_PROBLEM_
Reproduce the whole listing word for word. Leave every image out.

(COLLECTED DATA)

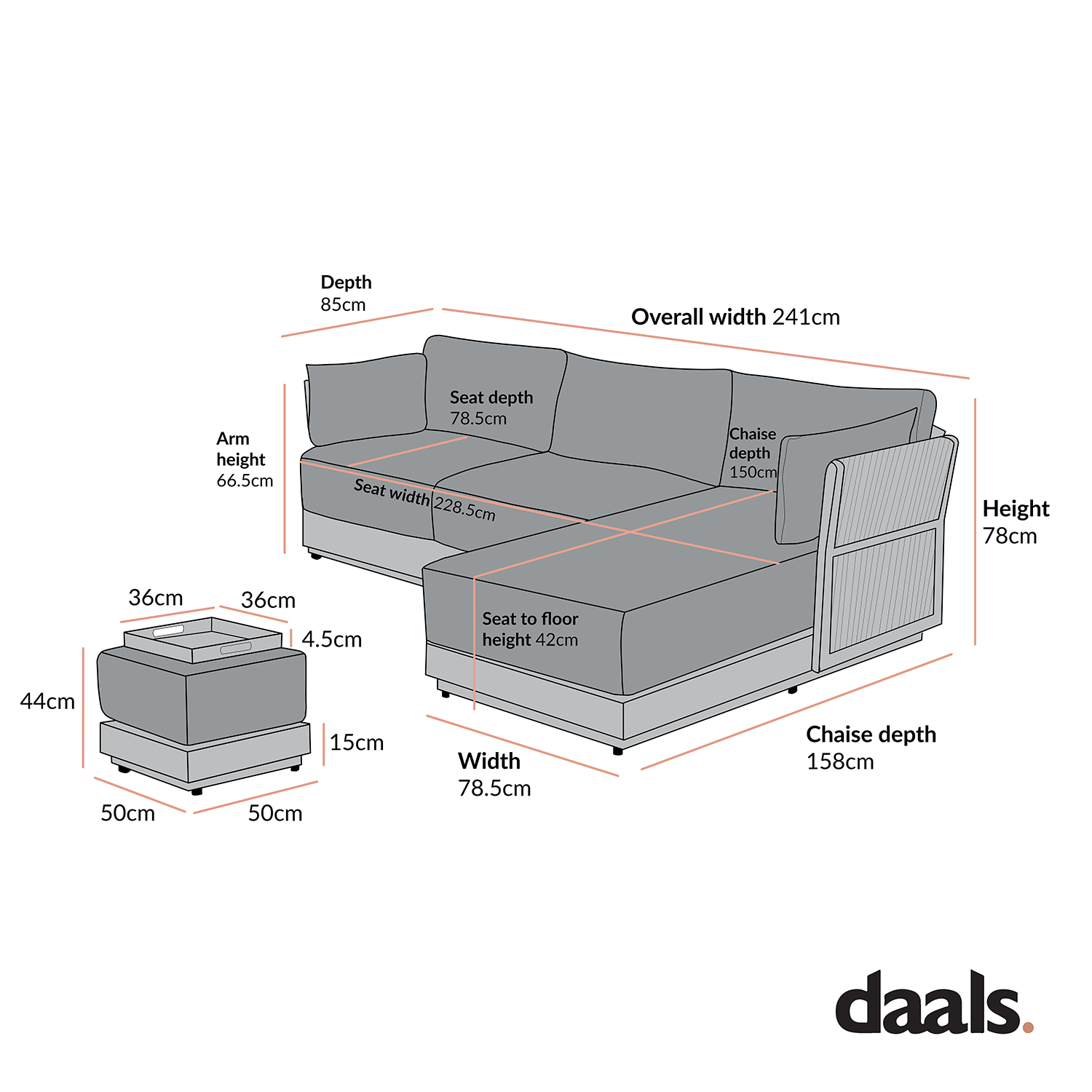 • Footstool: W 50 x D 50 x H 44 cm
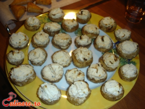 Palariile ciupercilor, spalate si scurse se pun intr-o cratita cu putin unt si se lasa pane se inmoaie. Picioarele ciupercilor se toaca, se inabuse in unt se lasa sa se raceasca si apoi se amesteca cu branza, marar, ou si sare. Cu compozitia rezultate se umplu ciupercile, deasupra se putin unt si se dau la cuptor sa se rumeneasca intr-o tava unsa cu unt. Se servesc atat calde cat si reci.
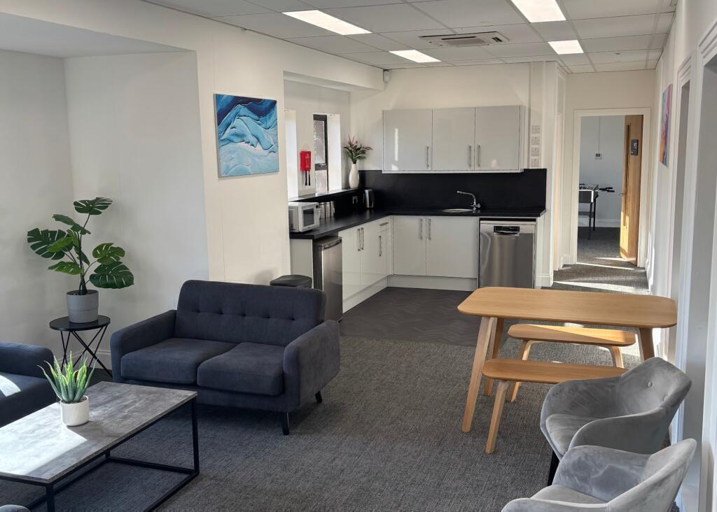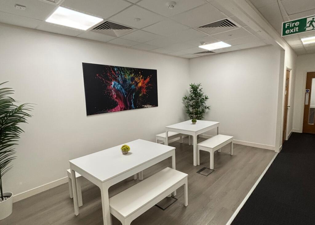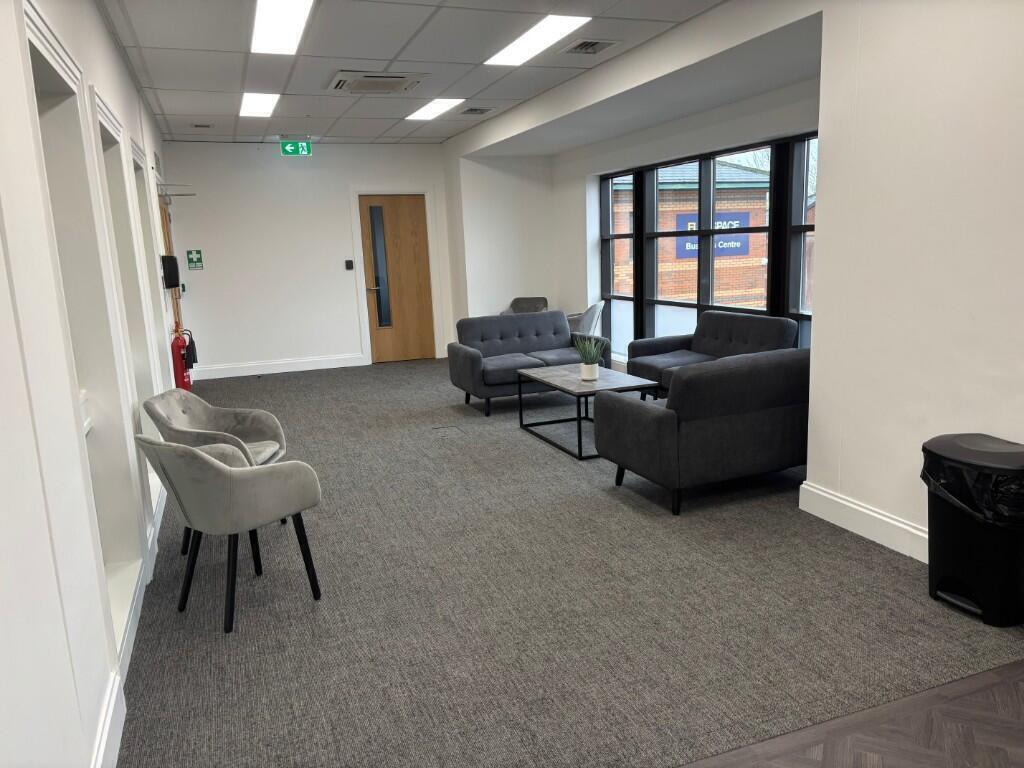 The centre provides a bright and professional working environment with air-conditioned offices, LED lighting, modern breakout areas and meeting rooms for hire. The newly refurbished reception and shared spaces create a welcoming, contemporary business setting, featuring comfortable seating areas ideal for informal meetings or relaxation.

(End COLLECTED DATA)

_SOLUTION TO THIS PROBLEM_
 • Footstool: W 50 x D 50 x H 44 cm
 Palariile ciupercilor, spalate si scurse se pun intr-o cratita cu putin unt si se lasa pane se inmoaie. Picioarele ciupercilor se toaca, se inabuse in unt se lasa sa se raceasca si apoi se amesteca cu branza, marar, ou si sare. Cu compozitia rezultate se umplu ciupercile, deasupra se putin unt si se dau la cuptor sa se rumeneasca intr-o tava unsa cu unt. Se servesc atat calde cat si reci.
 The centre provides a bright and professional working environment with air-conditioned offices, LED lighting, modern breakout areas and meeting rooms for hire. The newly refurbished reception and shared spaces create a welcoming, contemporary business setting, featuring comfortable seating areas ideal for informal meetings or relaxation.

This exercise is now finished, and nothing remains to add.